Start the application either by clicking on "Start Application" or download it and start with

java -cp coda.jar de.bioinf.appl.coda.CodaAppl
in a terminal.

Input

The header lines of the fasta files must have at leat following structure:

>gi|<u>13383272</u>|gb|AB049156| /<u>Avian</u>/2(PB1)/H9N2/Japan/19
The first underlined part consists of the id, the second of the host. The id is taken as an identifier for analyzations. That means the first two "|" characters is a must to have!

Graphical representation

The first three value sets are 2-dimensional graphs displaying CAI (=Codon Adaptation Index) or ENC (=Effective number of codons) values for the sequences.
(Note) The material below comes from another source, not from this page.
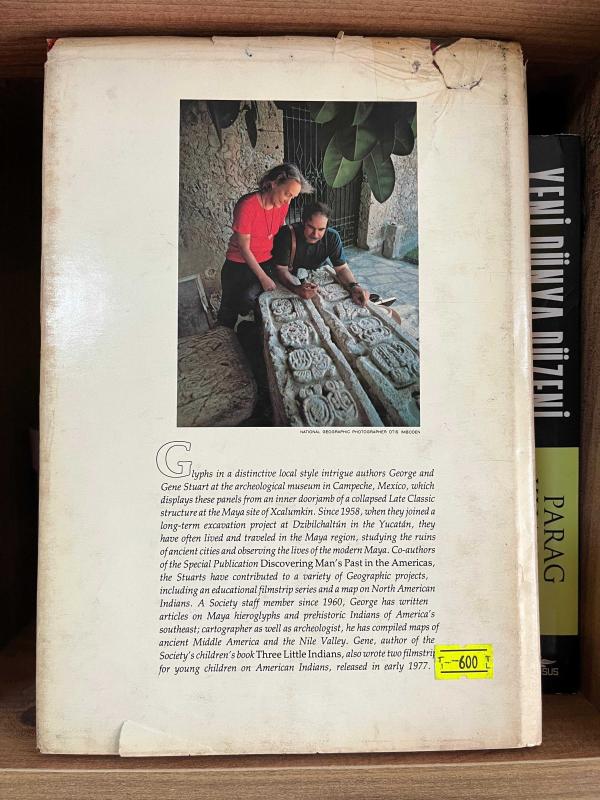 Glyphs in a distinctive local style intrigue authors George and Gene Stuart at the archeological museum in Campeche, Mexico, which displays these panels from an inner doorjamb of a collapsed Late Classic structure at the Maya site of calumkin. Since 1958, when they joined a long-term excavation project at Dzibilchaltún in the Yucatán, they have often lived and traveled in the Maya region, studying the ruins of ancient cities and observing the lives of the modern Maya. Co-authors of the Special Publication Discovering Man's Past in the Americas, the Stuarts have contributed to a variety of Geographic projects, including an educational filmstrip series and a map on North American Indians. A Society staff member since 1960, George has written articles on Maya hieroglyphs and prehistoric Indians of America's southeast; cartographer as well as archeologist, he has compiled maps of ancient Middle America and the Nile Valley. Gene, author of the Society's children's book Three Little Indians, also wrote two filmstrip for young children on American Indians, released in early 1977.

The ENC calculation has a second (slightly different) method, called ENC2, which is using a method of John A. Novembre (see here). It consideres the number of used codons in correlation to the statistical expected numbers in the sequence.

  • Select a value range: Clicking in the graph with the left mouse button selectes the minimum x value of a selected area, clicking with the right button the maximum value. The selected range is displayed in a table below the graph.
  • Move a graph: Pressing the lefe mouse button and moving the mouse lets you move the graph to the disired position.
  • Scale a graph: Just turning the wheel lets you scale the display.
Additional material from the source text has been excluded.